Find integers $t,z$ satisfying $(a+b)z+abt=1$

Question

Let be $a,b,u,v$ integers and $au+bv=1$. I have to find integers $t,z$ satisfying $(a+b)z+abt=1$.

I think I can solve it by congruence. What do you think?

I realised $$bz\equiv 1 \quad (\text{mod}\, a)\Longrightarrow z\equiv v \quad (\text{mod}\, a)$$

$$az\equiv 1 \quad (\text{mod}\, b)\Longrightarrow z\equiv u \quad (\text{mod}\, b)$$

Any ideas?

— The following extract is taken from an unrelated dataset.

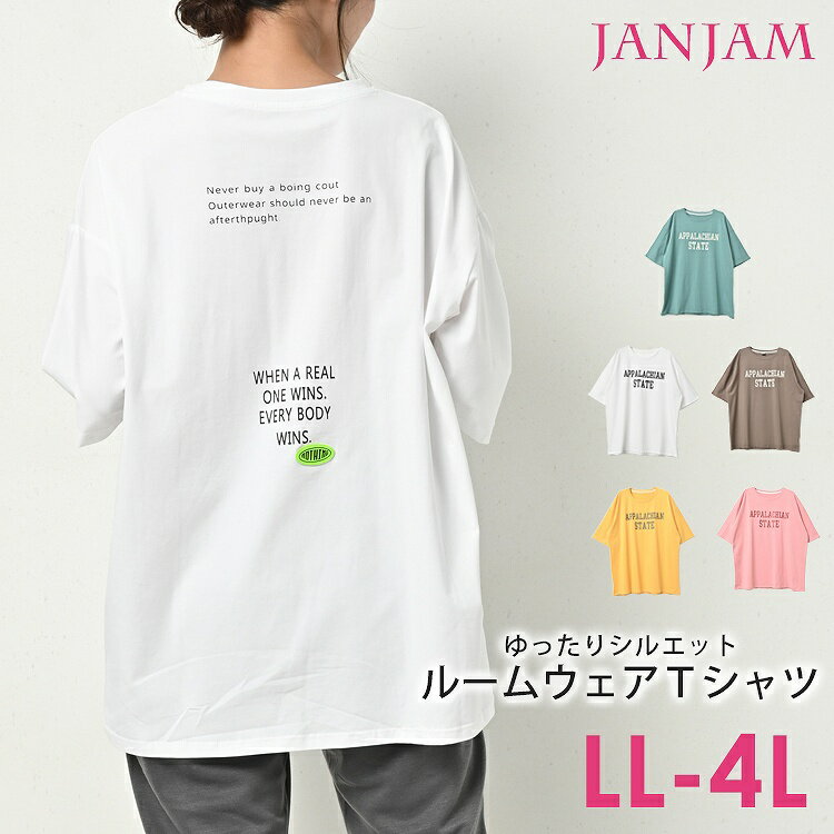 【メール便送料無料】メール便対応 大きいサイズ レディース ルームウェア ビッグTシャツ 5分袖 英字ロゴプリント トップス LL-4L ゆったりサイズ ぽっちゃり女子 プラスサイズ

Thank you.

The same question was asked with slightly different terminology in If $(a,b)=1$ then prove $(a+b, ab)=1$.. Several of the answers there start by rephrasing the question into your formulation. — hmakholm left over Monica, Mar 08 '14 at 12:35
But I want to know how to obtain $z$ and $t$. Not to shoe that they exist. — MaríaCC, Mar 08 '14 at 12:41
x @MaríaCC: At least two of the answers to the other question (by myself and Robjohn) explicitly derive formulas for the missing coefficients. — hmakholm left over Monica, Mar 08 '14 at 12:45

score 0 · Accepted Answer · edited Apr 13 '17 at 12:21

The first equation you wrote $1=au+bv$ is the Bézout's Identity and you can find $x$ and $y$ with the Eucledian Algorithm. More in general Bézout's Identity asserts that if there exists 2 integer numbers $m,n$ such that $GCD(m,n)=1$, then you can find 2 integer numbers $z,t$ such that $1=mz+nt$ with the Eucledian Algorithm. In this case $m=a+b, n=ab$. You can apply the Bézout's Identity because $GCD(a+b,ab)=1$...why? because $GCD(a,b)=1$, as explained here.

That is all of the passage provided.